Registers and removes event listeners. See [Voice events](https://mastra.ai/reference/voice/voice.events) for the shared event API.

## Events

`NovaSonicVoice` emits the following events:

**speaking** (`event`): Assistant audio chunk. Callback receives { audioData: Int16Array, sampleRate?: number }.

**writing** (`event`): Transcribed text from the user or assistant. Callback receives { text: string, role: 'assistant' | 'user', generationStage?: 'SPECULATIVE' | 'FINAL' }.

**toolCall** (`event`): Model requested a tool call. Callback receives { name: string, args: Record\<string, any>, id: string }.

**interrupt** (`event`): User or model interrupted the current turn. Callback receives { type: 'user' | 'model', timestamp: number }.

**turnComplete** (`event`): Model finished its turn. Callback receives { timestamp: number }.

**session** (`event`): Session state transition. Callback receives { state: 'connecting' | 'connected' | 'disconnected' | 'disconnecting' | 'error' }.

**usage** (`event`): Token usage for the turn.

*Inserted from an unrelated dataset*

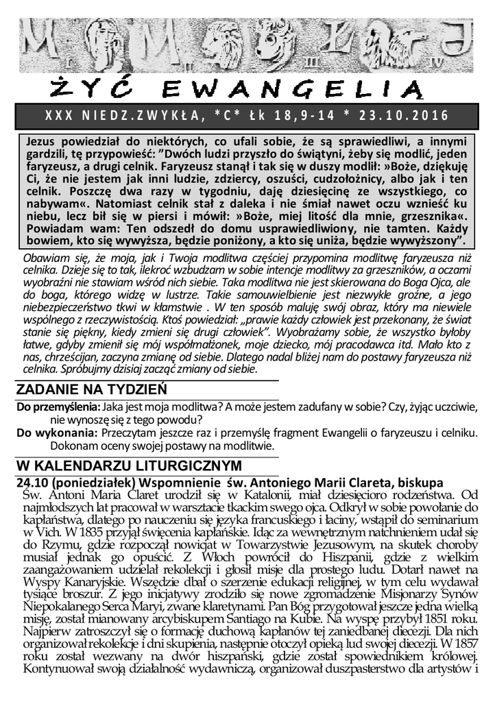 XXX NIEDZ.ZWYKŁA, *C* Łk 18,9-14 * 23.10.2016 Jezus powiedział do niektórych, co ufali sobie, że są sprawiedliwi, a innymi gardzili, tę przypowieść: ”Dwóch ludzi przyszło do świątyni, żeby się modlić, jeden faryzeusz, a drugi celnik. Faryzeusz stanął i tak się w duszy modlił: »Boże, dziękuję Ci, że nie jestem jak inni ludzie, zdziercy, oszuści, cudzołożnicy, albo jak i ten celnik. Poszczę dwa razy w tygodniu, daję dziesięcinę ze wszystkiego, co nabywam«. Natomiast celnik stał z daleka i nie śmiał nawet oczu wznieść ku niebu, lecz bił się w piersi i mówił: »Boże, miej litość dla mnie, grzesznika«. Powiadam wam: Ten odszedł do domu usprawiedliwiony, nie tamten. Każdy bowiem, kto się wywyższa, będzie poniżony, a kto się uniża, będzie wywyższony”. Obawiam się, że moja, jak i Twoja modlitwa częściej przypomina modlitwę faryzeusza niż celnika. Dzieje się to tak, ilekroć wzbudzam w sobie intencje modlitwy za grzeszników, a oczami wyobraźni nie stawiam wśród nich siebie. Taka modlitwa nie jest skierowana do Boga Ojca, ale do boga, którego widzę w lustrze. Takie samouwielbienie jest niezwykle groźne, a jego niebezpieczeństwo tkwi w kłamstwie . W ten sposób maluję swój obraz, który ma niewiele wspólnego z rzeczywistością. Ktoś powiedział: „prawie każdy człowiek jest przekonany, że świat stanie się piękny, kiedy zmieni się drugi człowiek”. Wyobrażamy sobie, że wszystko byłoby łatwe, gdyby zmienił się mój współmałżonek, moje dziecko, mój pracodawca itd. Mało kto z nas, chrześcijan, zaczyna zmianę od siebie. Dlatego nadal bliżej nam do postawy faryzeusza niż celnika. Spróbujmy dzisiaj zacząć zmiany od siebie. ZADANIE NA TYDZIEŃ Do przemyślenia: Jaka jest moja modlitwa? A może jestem zadufany w sobie? Czy, żyjąc uczciwie, nie wynoszę się z tego powodu? Do wykonania: Przeczytam jeszcze raz i przemyślę fragment Ewangelii o faryzeuszu i celniku. Dokonam oceny swojej postawy na modlitwie. W KALENDARZU LITURGICZNYM 24.10 (poniedziałek) Wspomnienie św. Antoniego Marii Clareta, biskupa Św. Antoni Maria Claret urodził się w Katalonii, miał dziesięcioro rodzeństwa. Od najmłodszych lat pracował w warsztacie tkackim swego ojca. Odkrył w sobie powołanie do kapłaństwa, dlatego po nauczeniu się języka francuskiego i łaciny, wstąpił do seminarium w Vich. W 1835 przyjął święcenia kapłańskie. Idąc za wewnętrznym natchnieniem udał się do Rzymu, gdzie rozpoczął nowicjat w Towarzystwie Jezusowym, na skutek choroby musiał jednak go opuścić. Z Włoch powrócił do Hiszpanii, gdzie z wielkim zaangaŜowaniem udzielał rekolekcji i głosił misje dla prostego ludu. Dotarł nawet na Wyspy Kanaryjskie. Wszędzie dbał o szerzenie edukacji religijnej, w tym celu wydawał tysiące broszur. Z jego inicjatywy zrodziło się nowe zgromadzenie Misjonarzy Synów Niepokalanego Serca Maryi, zwane klaretynami. Pan Bóg przygotował jeszcze jedna wielką misję, został mianowany arcybiskupem Santiago na Kubie. Na wyspę przybył 1851 roku. Najpierw zatroszczył się o formację duchową kapłanów tej zaniedbanej diecezji. Dla nich organizował rekolekcje i dni skupienia, następnie otoczył opieką lud swojej diecezji. W 1857 roku został wezwany na dwór hiszpański, gdzie został spowiednikiem królowej. Kontynuował swoją działalność wydawniczą, organizował duszpasterstwo dla artystów i pisarzy. Towarzyszył rodzinie królewskiej na wygnaniu we Francji, gdy w Hiszpanii wybuchła rewolucja. Przebywał później w Rzymie, gdzie bronił nieomylności papieŜa w sprawach wiary i moralności. Zmarł jako wygnaniec we Francji w 1870 roku. 26.10 (środa) Wspomnienie bł. Celiny Borzęckiej, zakonnicy Urodziła się 29 października 1833 r. w Antowilu koło Orszy na terenie dzisiejszej Białorusi w zamoŜnej rodzinie ziemiańskiej Chludzińskich. W domu rodzinnym otrzymała staranne wykształcenie i wychowanie. Jako młoda dziewczyna zapragnęła wstąpić do klasztoru wizytek w Wilnie, ale posłuszna woli rodziców i radzie spowiednika w 1853 r. wyszła za mąŜ za Józefa Borzęckiego. Było to szczęśliwe małŜeństwo. Celina była oddaną Ŝoną i matką. Urodziła czworo dzieci, z których dwoje – Marynia i Kazimierz - zmarło w niemowlęctwie. Przy Ŝyciu pozostały dwie córki – Celina i Jadwiga. Ich matka prowadziła pracę charytatywną wśród ludności wiejskiej, a w 1863 r. wspierała powstańców, za co znalazła się nawet w rosyjskim więzieniu w Grodnie wraz z kilkutygodniową Jadwigą. Po śmierci męŜa Celina wraz z córkami zamieszkała w Rzymie. Tam powróciła do niej myśl o Ŝyciu zakonnym. Poznała generała zmartwychwstańców, ks. Piotra Semenenkę. Pod jego wpływem postanowiła wraz z córką Jadwigą załoŜyć Ŝeńską gałąź tego zgromadzenia. Nie było to łatwe – obie musiały znieść wiele przeciwności i upokorzeń zanim ostatecznie 6 stycznia 1891 r. zmartwychwstanki zostały zatwierdzone jako zgromadzenie kontemplacyjno-czynne, którego zadaniem było nauczanie i chrześcijańskie wychowanie dziewcząt. Zmarła w Krakowie 26 października 1913 r. Pochowana została w Kętach, obok Jadwigi. Beatyfikowana została w Rzymie w 2007 r. 28.10 (piątek) Święto św. Apostołów Szymona i Judy Tadeusza Ewangelie wymieniają św. Szymona w ścisłym gronie uczniów Pana Jezusa. Jest on chyba najmniej znanym spośród nich. Ewangelie wspominają o nim tylko trzy razy. Mateusz i Marek dają mu przydomek Kananejczyk Dlatego niektórzy Ojcowie Kościoła przypuszczali, Ŝe pochodził on z Kany Galilejskiej i był panem młodym, na którego weselu Chrystus Pan uczynił pierwszy cud. Współczesna egzegeza dopatruje się jednak w słowie Kananejczyk raczej znaczenia "gorliwy", gdyŜ tak je równieŜ moŜna tłumaczyć. Łukasz wprost daje Szymonowi przydomek Zelotes, czyli gorliwy Specjalne podkreślenie w gronie Apostołów, Ŝe Szymon by

Callback receives { inputTokens: number, outputTokens: number, totalTokens: number }.

**error** (`event`): Stream or provider error. Callback receives { message: string, code?: string, details?: unknown }.

`generationStage` distinguishes provisional transcripts (`'SPECULATIVE'`) from finalized ones (`'FINAL'`). Use `'FINAL'` text for persistent storage and `'SPECULATIVE'` text for live captions.

## Available voices

Nova 2 Sonic ships voices in ten locales. Tiffany and Matthew are polyglot and can speak any supported language.

| Voice ID   | Name     | Language   | Locale | Gender    | Polyglot |
| ---------- | -------- | ---------- | ------ | --------- | -------- |
| `tiffany`  | Tiffany  | English    | en-US  | feminine  | yes      |
| `matthew`  | Matthew  | English    | en-US  | masculine | yes      |
| `amy`      | Amy      | English    | en-GB  | feminine  | no       |
| `olivia`   | Olivia   | English    | en-AU  | feminine  | no       |
| `kiara`    | Kiara    | English    | en-IN  | feminine  | no       |
| `arjun`    | Arjun    | English    | en-IN  | masculine | no       |
| `ambre`    | Ambre    | French     | fr-FR  | feminine  | no       |
| `florian`  | Florian  | French     | fr-FR  | masculine | no       |
| `beatrice` | Beatrice | Italian    | it-IT  | feminine  | no       |
| `lorenzo`  | Lorenzo  | Italian    | it-IT  | masculine | no       |
| `tina`     | Tina     | German     | de-DE  | feminine  | no       |
| `lennart`  | Lennart  | German     | de-DE  | masculine | no       |
| `lupe`     | Lupe     | Spanish    | es-US  | feminine  | no       |
| `carlos`   | Carlos   | Spanish    | es-US  | masculine | no       |
| `carolina` | Carolina | Portuguese | pt-BR  | feminine  | no       |
| `leo`      | Leo      | Portuguese | pt-BR  | masculine | no       |
| `kiara`    | Kiara    | Hindi      | hi-IN  | feminine  | no       |
| `arjun`    | Arjun    | Hindi      | hi-IN  | masculine | no       |

## Notes

- Audio is streamed as 16-bit PCM. Assistant audio is emitted as `Int16Array` on the `speaking` event.
- The voice instance must call `connect()` before any other streaming method.
- `close()` destroys the underlying `BedrockRuntimeClient` to release the HTTP/2 session.
- Nova 2 Sonic is available in `us-east-1`, `us-west-2`, and `ap-northeast-1`. Other regions throw a configuration error during construction.